4) Length of the workflow. If data is going from A-B, there is less reason for a schema. If data is going from A to B to C to A to D to E to F to B to G, then you start to have big coordination costs. And opportunities for errors made early not to be caught till late: a fatal flaw in many cases. The schema is the contract and documentation.
Where
I am closer to Simon's view than perhaps others may be, is that when we look at
the above 4 motivating cases for using schemas, then very often we do have some
known process involved. So in fact static tests of the input and output
documents are necessary but not sufficient: we need to check the input or
output document against facts in the outside world that may be controlled by
others or be dynamic (e.g., code lists) and we may need to check that
transformations have indeed preserved information (e.g. if there are 5 paras in
the input there should be 5 equivalent paras in the output).

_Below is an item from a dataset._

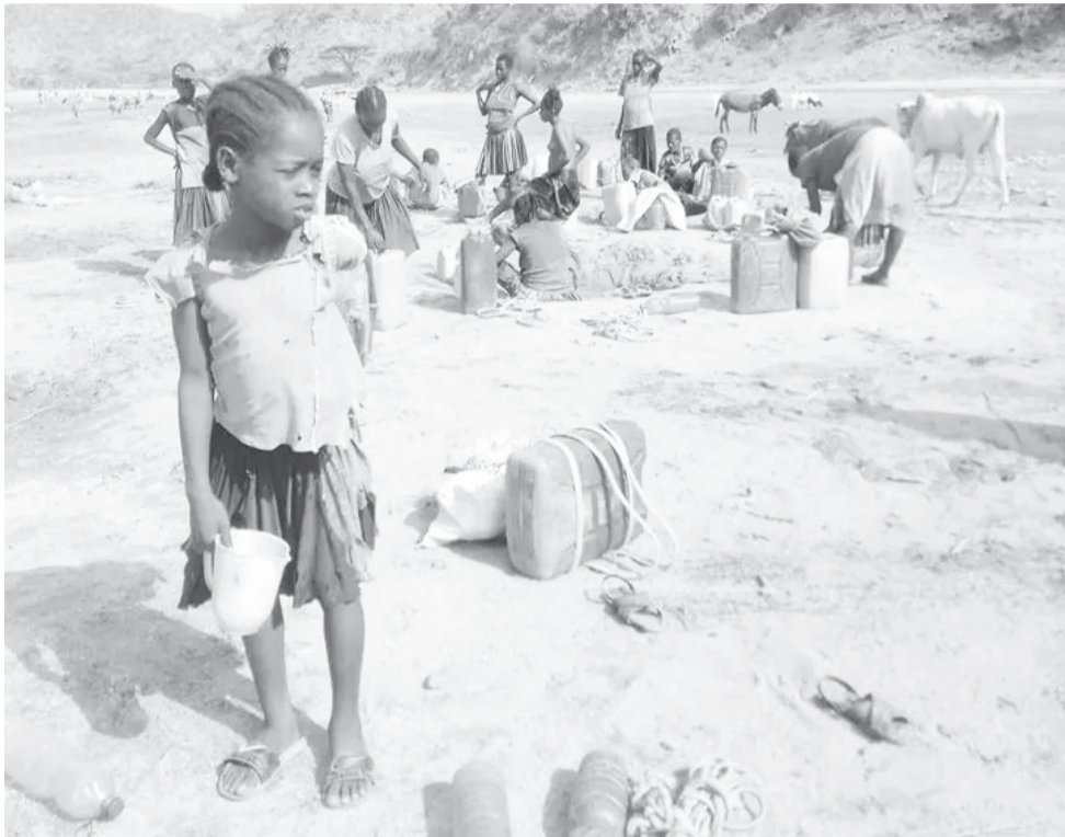
የስጠቅም የነበረው ወይጦ ወንዝ በድርቁ ምክንያት መሰረቱ በሙሉ በመደረቁ ክንስሳትና ሰዎች ለችግር መጋለጣቸውን አስረድተዋል።

የደቡብ አም ስም እርሶአደሮችን እንዲሁም አጎራባች ዞንና በኬንያ ድንበር የሚገኙ አርብቶ አደሮችን ጭምር

We need to make sure we don't use specific schemas where generic ones are more
appropriate (e.g. simpler schemas with attribute values checked by other layers
of validation, or partial schemas for envelopes and payloads) and that we
have enough capability to convert generic to specific when tools require it.. Where I would disagree with Simon, I think, is that I
think the advent of JSON for point-to-point interchange actually means that
probably you should always use a schema with XML: if you don't need a
schema perhaps you should be using JSON?
Cheers
On Wed, Apr 10, 2013 at 12:36 PM, Len Bullard <cbullard@hiwaay.net> wrote: Ghosts don’t speak unless spoken to.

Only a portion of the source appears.